THE CHANCELLOR was forced to defend his surprise tax raid on oil firms yesterday after energy giant Statoil announced that it was suspending a $10bn (£6.2bn) investment in the North Sea in response to the hike.
Statoil, Norway’s top fuel producer, was due to hire contractors in the next few weeks to work on the Mariner and Bressay fields, the biggest development opportunity left in the North Sea with 3.5bn barrels of oil equivalent. But a spokesperson for the firm said yesterday: “We believed that we were able to develop [the fields] but with these proposed tax increases we need to reconsider the project.”
Statoil was due to produce its first oil at the site in 2016. Around 640m barrels of crude oil are expected to be extracted from the sites – carrying a value of tens of billions of pounds at today’s price of $115.34 a barrel.
George Osborne hiked the tax on UK oil profits from 20 to 32 per cent in last week’s Budget, fuelling fears that jobs would be lost and exploration halted, forcing the UK?to rely more on imported energy. Some older oil fields now have a tax rate of 81 per cent.

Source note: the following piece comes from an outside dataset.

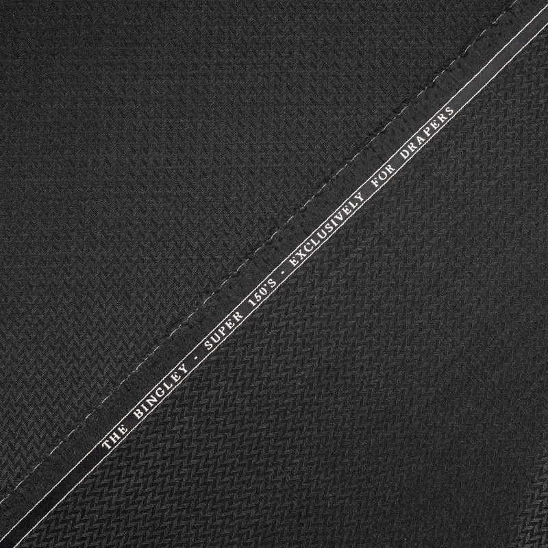 Black 'The Bingley' Super 150s Herringbone Wool Jacquard

The government hopes to raise more than £10bn over the course of the current Parliament, to fund an immediate 1p per litre fuel duty cut and a fuel stabiliser to cushion motorists from rising oil prices.
Osborne told yesterday’s Treasury select committee: “I don’t think it is possible to actively consult a business sector on a tax rise in a Budget. I think that would have been very difficult.”
He added: “No industry is going to welcome with open arms a tax rise on it and I would be very surprised if they had, but I would suggest that the current oil price and the forecast oil price certainly makes it very profitable to invest in the North Sea.” Osborne said the government will get in touch with Statoil to talk about the tax raid.
Industry body Oil & Gas UK said it was not surprised by Statoil’s decision. “The tax change has damaged the industry’s confidence and trust in the tax regime and that trust will take a long time to rebuild,” said economics director Mike Tholen.
Oil & Gas UK also contradicted guidance from the Office of Budget Responsibility, whose chairman Robert Chote told the select committee yesterday that the tax increase would have “no significant impact” on investments, adding that Statoil had merely postponed its final decision rather than the actual project.
Osborne added that the Organisation for Economic Co-operation and Development (OECD) has praised his Budget as “pav[ing] the way for a stronger recovery”.